CHEN Lixiong(), CUI Wenxia(), LIU Yuhao()

School of Mathematics Physics and Statistics, Shanghai University of Engineering Science, Shanghai 201620, China

Abstract: Stochastic stability analysis and control synthesis problems are studied for a class of nonhomogeneous Markovian jump discrete-time singular systems (MJDSS). The time-varying character is considered to be the model in a polytopic sense. Based on the parameter dependent stochastic Lyapunov functional and the matrix analysis techniques, sufficient criteria are derived to ensure regularity, causality and stochastic stability of the closed-loop singular system in terms of linear matrix inequalities. Finally, one example is provided to illustrate the effectiveness of our results.

Key words: stochastic stability; nonhomogeneous; Lyapunov function; singular system; Markovian switching

Introduction

Singular systems are also referred to as generalized systems, descriptor systems, differential-algebraic systems, or implicit systems, which are a natural representation of dynamic systems and describe a larger family of systems than the normal linear systems[1]. Recently, increasing interest has been shown on singular systems since the class of systems has been found successful applications in broad range of scientific areas such as mechanical systems, electric circuits, chemical process, power systems, and other areas in the past decades[2]. It should be pointed out that the study on singular systems is much more complicated than that research for state-space systems, because it needs to consider not only stability, but also regularity and impulse free (for continuous singular systems) or causality (for discrete singular systems) simultaneously, while the latter two do not occur in the regular ones[3-5].

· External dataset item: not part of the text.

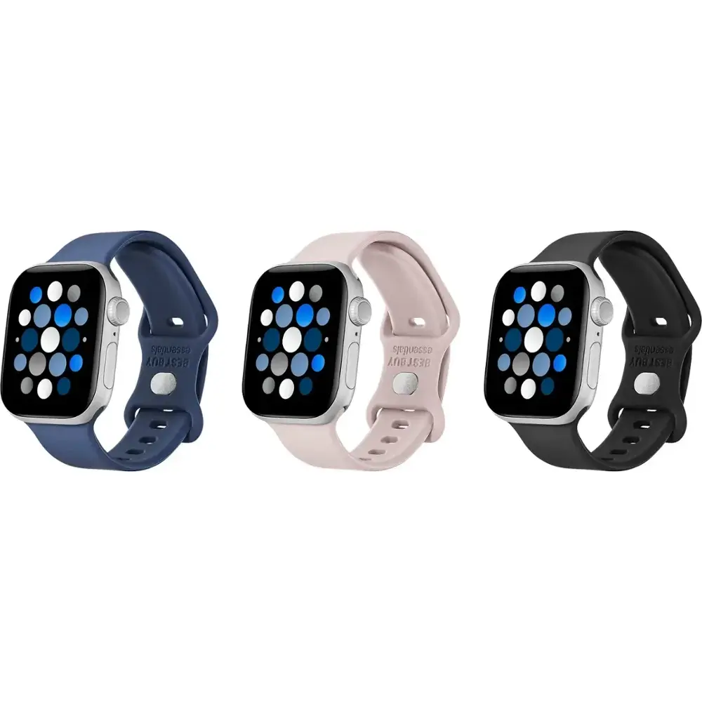 The Best Buy essentials™ Silicone Band offers a versatile and stylish solution for your Apple Watch®, compatible with 38mm, 40mm, 41mm, and 42mm models, including Series 10. This 3-pack provides variety with bands in Navy Blue, Pink, and Black, catering to different styles and occasions. Made from high-quality silicone, these bands deliver superior comfort, flexibility, and durability. They feature an adjustable fit, ensuring a secure and comfortable experience. Designed for convenience, the bands offer easy installation, making it simple to attach or remove them from your Apple Watch

One popular system model for randomness in the sciences and industries is the Markovian switching model[6]. This is partly because Markovian jump is a suitable mathematical pattern to represent a class of stochastic system subject to random abrupt variations in the structures[7]. One typical example is networked systems, in which packet dropouts and network delays evolve in Markov chains or Markov processes[8]. Moreover, Markovian jump singular systems (MJSS) belong to a class of stochastic switched systems where the switching law is governed by a Markovian process (or chain in the discrete-time case). The theory of admissibility, dissipativity, observer and sliding mode control, as well as important applications of such singular systems, can be found in several references in the current literature, for instance in Refs. [9, 10-12], for continuous-time case, and Refs. [13-17] for the discrete-time case.

However, almost all the aforementioned works assume that the Markovian process (or chain) is homogeneous, that is the transition probabilities are time-invariant[6-7, 11-12]. However, in many applications, this assumption may not be verified. For example, random component failures are considered in singular systems. Usually, it is often assumed that the component failure rates (or probabilities) are time-independent and independent of system state. In other words, the underlying Markovian chain used to model random failures is homogeneous. However, this assumption is often violated and the failure rate of a component usually depends on many factors in reality such as its age and working time[8]. In most cases, it is reasonable to assume that if a component is more solicited, it is more likely to fail. Another example can be referred to the study of MJSS with uncertain transition probabilities. Most of the developed results in the field of Markovian jump systems (MJS) are based on the critical assumption that transition probabilities are known precisely. However, the estimated values of transition probabilities are available in practice. Estimation errors, also referred to as transition probability uncertainties, may lead to instability or at least degraded system performances[18-19], and the Markovian chain is homogeneous. If the time-varying uncertainties are considered, it will lead to nonhomogeneous Markovian chains. Abekane dealt with stochastic stabilization of a class of nonhomogeneous Markovian linear systems by using a parameter dependent stochastic Lyapunov function[20]. In Ref.[8], filter was studied for nonhomogeneous Markovian jump discrete-time singular systems(MJDSS)with uncertainties. There are few results on the stabilization problem of nonhomogeneous MJDSS.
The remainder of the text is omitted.